▶ **WHAT TO PRODUCE**: Your copy of the listing should match it exactly, only without pictures.

INPUT DATA START

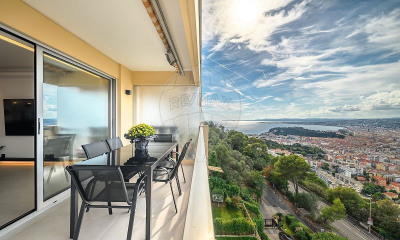 Appartement d'Exception dernier étage - Vue Mer Panoramique et Prestations de Luxe. Découvrez un bien rare et exclusif au cœur du prestigieux secteur résidentiel du Mont Boron, à seulement 5 minutes du Port de Nice. Niché dernier étage d'une résidence moderne de standing avec gardien, ce magnifique appartement traversant de 3 pièces (83 m²) est une véritable œuvre d'art. Luxueusement réinventé par une décoratrice d'intérieur, il offre des prestations haut de gamme et un design contemporain épuré : climatisation réversible gainée intégrée, rangements sur mesure , vendu entièrement meublé. L'espace de vie de 43 m² s'ouvre sur une terrasse de 13 m², offrant un panorama spectaculaire et imprenable sur la mer, la colline du Château et la ville de Nice. Il est complété par une cuisine design ouverte avec son îlot central en pierre marbrière. Côté nuit, l'espace est parfaitement optimisé avec deux chambres au calme, dont une en suite, et deux salles de douche modernes avec deux toilettes. Ce lieu de vie d'exception est complété par un garage fermé et une cave. Dossier de présentation complet avec vidéo disponible sur demande.
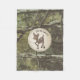 Una manta del paño grueso y suave que ofrece un ilustracion de un ciervo. El fondo es camuflaje. Personalice el nombre.
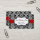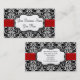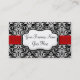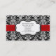 Bedårande chic och sassy högkontrast svart och vit flickig damastmönster med en klassisk barock känsla, kombinerat med den moderna känslan av en ljusröd accent remsa som ser ut som ett sidenband. Personifiera det med kvinnors namn eller annan anpassning. Design Copyright © CustomInvitesOnline.com

INPUT DATA END

▶ **SOLUTION TO THIS EXERCISE**:
 Appartement d'Exception dernier étage - Vue Mer Panoramique et Prestations de Luxe. Découvrez un bien rare et exclusif au cœur du prestigieux secteur résidentiel du Mont Boron, à seulement 5 minutes du Port de Nice. Niché dernier étage d'une résidence moderne de standing avec gardien, ce magnifique appartement traversant de 3 pièces (83 m²) est une véritable œuvre d'art. Luxueusement réinventé par une décoratrice d'intérieur, il offre des prestations haut de gamme et un design contemporain épuré : climatisation réversible gainée intégrée, rangements sur mesure , vendu entièrement meublé. L'espace de vie de 43 m² s'ouvre sur une terrasse de 13 m², offrant un panorama spectaculaire et imprenable sur la mer, la colline du Château et la ville de Nice. Il est complété par une cuisine design ouverte avec son îlot central en pierre marbrière. Côté nuit, l'espace est parfaitement optimisé avec deux chambres au calme, dont une en suite, et deux salles de douche modernes avec deux toilettes. Ce lieu de vie d'exception est complété par un garage fermé et une cave. Dossier de présentation complet avec vidéo disponible sur demande.
 Una manta del paño grueso y suave que ofrece un ilustracion de un ciervo. El fondo es camuflaje. Personalice el nombre.
 Bedårande chic och sassy högkontrast svart och vit flickig damastmönster med en klassisk barock känsla, kombinerat med den moderna känslan av en ljusröd accent remsa som ser ut som ett sidenband. Personifiera det med kvinnors namn eller annan anpassning. Design Copyright © CustomInvitesOnline.com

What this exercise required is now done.